Clench every muscle in your body.

When she launched off the water, she became weightless. Air escaped her lungs, the world around her turned into blurry lines of light.

Don’t fear the spin.

Her arms were crossed over her torso. Her glaives were crossed over each other. The winds, the light, the overload of sensations, the speed carving circles around her skin as she spun, spun, and spun—what was there to fear, after all?

Don’t fear the speed.

She was a Sand-Dancer, and she loved this speed. This exhilaration. The feeling of dancing on the very edge of her life, where no misstep could be allowed—it was the pride and joy of a Sand-Dancer to be graceful on this edge where most men would falter.

There was nothing to fear.

Dance, and spin, and kick with one hundred and ten percent of your power–

She kicked her glaive out at the moment before landing, bladed-edge aimed straight at the captain’s bicep, and jerked her glaive forward.

The attack was a loud clang, and it split a massive crack in his chitin as she skated past him, slowing to a complete halt ten metres away.

“... ‘And there is no wall that can stand in your way,’” she finished reciting under her breath, pulling one glaive back as she leaned her body forward again, narrowing her eyes on the panicking captain clutching his half-broken arm in surprise.

“What… in the creador’s name did ye do?” the captain growled, raising his other pincer as he glared at her. “A fuckin’ water strider, barely able to walk straight on rough land, chargin’ like that into me? Captain of the Blackclaw Marauders? Fuck off. I’ll show ye–”

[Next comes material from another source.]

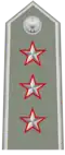 | Generale d'Esercito | Generale in comando d'Armata | Tenente generale | Maggior generale | Colonnello comandante di reggimento | Colonnello | Tenente colonnello | Maggiore | Primo capitano | Capitano | Tenente | Sottotenente | ||||||||||

‘It is an explosive jump, Marisol’.

Exhaling sharply, she darted forward and launched into a triple-spin, turning faster and harder and stronger than she’d ever turned before, and for a brief second it was like even light faded from the world. There was a void around her. Dark and cold. Empty and quiet. For a brief second, the only thing she could see was an inhuman-shaped ghost spinning around her, and the only thing she could hear was her heart pounding in her chest as fear took hold… but she remembered that word again. ‘Explosive grace’. What came to mind when she thought of the word ‘explosion’?

She thought of rage, defiance, desperation, all of it—she thought of fire, pure and simple, and she aimed it at the captain with the intent to hurt as she kicked her glaive out again at the moment of landing.

This time, her glaive cleaved through his right arm, the shock of the blow rippling through the rest of his body and making him crumble.

… ‘Explosive grace’.

‘Finish the routine, Marisol’.

She landed on one glaive, pivoted, held her kicking leg perpendicular to the water though it hurt her burning muscles incredibly so, and then bowed—not to the captain who was falling to his knees, no, but to the children in the slave galley cheering for her victory. They were the voices she wanted to hear, not whatever the captain had been rambling on about before she jumped on him.

After all was said and done, she hadn’t heard a single word he said.